郎夫人虽说心疼儿子,但也知道皇帝已经很大度了,要是公主真的在嫁给儿子第二日没了,那就算自己夫君再得帝王重视,恐怕也无法善了。
甄善见那傻小子失落的样子,眸光微柔,趁着皇帝没注意,朝他眨眨眼。
郎宇新眸光一亮,瞬间不失落了,傻乎乎地笑着。
看得郎家夫妻一脸不忍直视,但他们心中也稍稍放下了心。
娶了个皇家公主,还是最尊贵的嫡长公主,他们可不敢有让公主服侍的想法。
好在纯晞公主一直以来性子都极好,与儿子自小还是青梅竹马,不曾嫌弃过儿子,只希望她和儿子能好好的,以后生个大胖小子,那这样,他们就满足了。
甄善昏迷多日刚苏醒,说了几句话就没什么精神了,皇帝担心打扰到她休息,命人好好照顾她,便带人离开了。

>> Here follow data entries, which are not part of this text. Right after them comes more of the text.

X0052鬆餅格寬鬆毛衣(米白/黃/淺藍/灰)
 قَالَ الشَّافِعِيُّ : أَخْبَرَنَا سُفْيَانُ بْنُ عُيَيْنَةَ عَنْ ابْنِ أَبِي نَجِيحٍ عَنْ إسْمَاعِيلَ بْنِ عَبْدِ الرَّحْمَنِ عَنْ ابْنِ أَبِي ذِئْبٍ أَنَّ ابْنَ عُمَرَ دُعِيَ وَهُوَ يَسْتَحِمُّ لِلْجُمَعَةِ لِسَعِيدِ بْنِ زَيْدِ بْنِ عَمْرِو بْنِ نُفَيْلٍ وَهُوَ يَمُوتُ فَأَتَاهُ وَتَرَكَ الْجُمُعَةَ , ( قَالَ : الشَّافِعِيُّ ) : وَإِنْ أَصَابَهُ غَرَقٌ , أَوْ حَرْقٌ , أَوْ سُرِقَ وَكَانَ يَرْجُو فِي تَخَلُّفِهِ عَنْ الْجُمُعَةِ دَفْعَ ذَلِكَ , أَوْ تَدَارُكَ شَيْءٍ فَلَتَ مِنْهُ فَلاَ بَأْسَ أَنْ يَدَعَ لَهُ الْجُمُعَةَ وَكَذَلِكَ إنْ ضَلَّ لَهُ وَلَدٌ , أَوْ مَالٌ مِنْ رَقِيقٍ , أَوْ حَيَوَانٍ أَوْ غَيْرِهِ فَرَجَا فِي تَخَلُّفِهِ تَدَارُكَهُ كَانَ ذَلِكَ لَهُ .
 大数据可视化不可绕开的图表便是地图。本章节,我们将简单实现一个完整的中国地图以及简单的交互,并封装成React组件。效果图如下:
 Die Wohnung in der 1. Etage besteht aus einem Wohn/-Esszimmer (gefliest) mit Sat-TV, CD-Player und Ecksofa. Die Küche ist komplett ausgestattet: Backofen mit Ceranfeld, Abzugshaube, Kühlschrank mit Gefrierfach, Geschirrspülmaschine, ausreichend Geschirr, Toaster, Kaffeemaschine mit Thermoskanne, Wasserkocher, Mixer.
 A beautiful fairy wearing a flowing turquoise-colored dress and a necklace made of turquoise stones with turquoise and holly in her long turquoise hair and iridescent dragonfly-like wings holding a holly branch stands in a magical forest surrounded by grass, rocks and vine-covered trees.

等她再醒来,窗外夜色朦胧,寝殿里只点着一盏宫灯,有些昏暗。
甄善视线有些模糊,喉咙更是干涩,艰难地吐出一个字,“水。”
安静的寝殿瞬间传来脚步声,还有轻轻的倒水声。
有人温柔地将她扶起,将水杯递到她唇边。
甄善轻抿了一口水,忽地意识到什么,抬手直接打掉了水杯,却不小心牵动了伤口,疼得她脸色煞白。
“你别乱动,”谢宁指尖发颤,稍稍用力按住她。
甄善抬眸,眸光冷得如冰刃,厌恶至极,“放开我。”
谢宁心脏骤疼,却没放开她,温柔道:“我看看你的伤口,若是裂开了就不好了。”
“别碰我,”那晚上恶心的记忆犹在,他的触碰让她全身僵硬戒备至极。
谢宁见她更加激动,担心她的伤口真的裂开,赶紧道:“好好,我不碰你,你别乱动了。”
他扶着她靠在枕头上,便真的放开了她。
甄善眸光依旧厌恶又警惕,没有放松一丝。
谢宁心如刀割,张了张唇瓣,却不知道该说什么。
“怎么?又是想到什么办法来折磨我了吗?还是想来看看我有多狼狈和痛苦呢?”她讽刺地说道。
谢宁眸光一颤,“我不是……”
“谢宁,说吧,你还想做什么?难不成我现在这般人不人鬼不鬼的样子,你也有兴趣?还是你又去妓院观摩什么折磨人的手段,想来我身上试试?”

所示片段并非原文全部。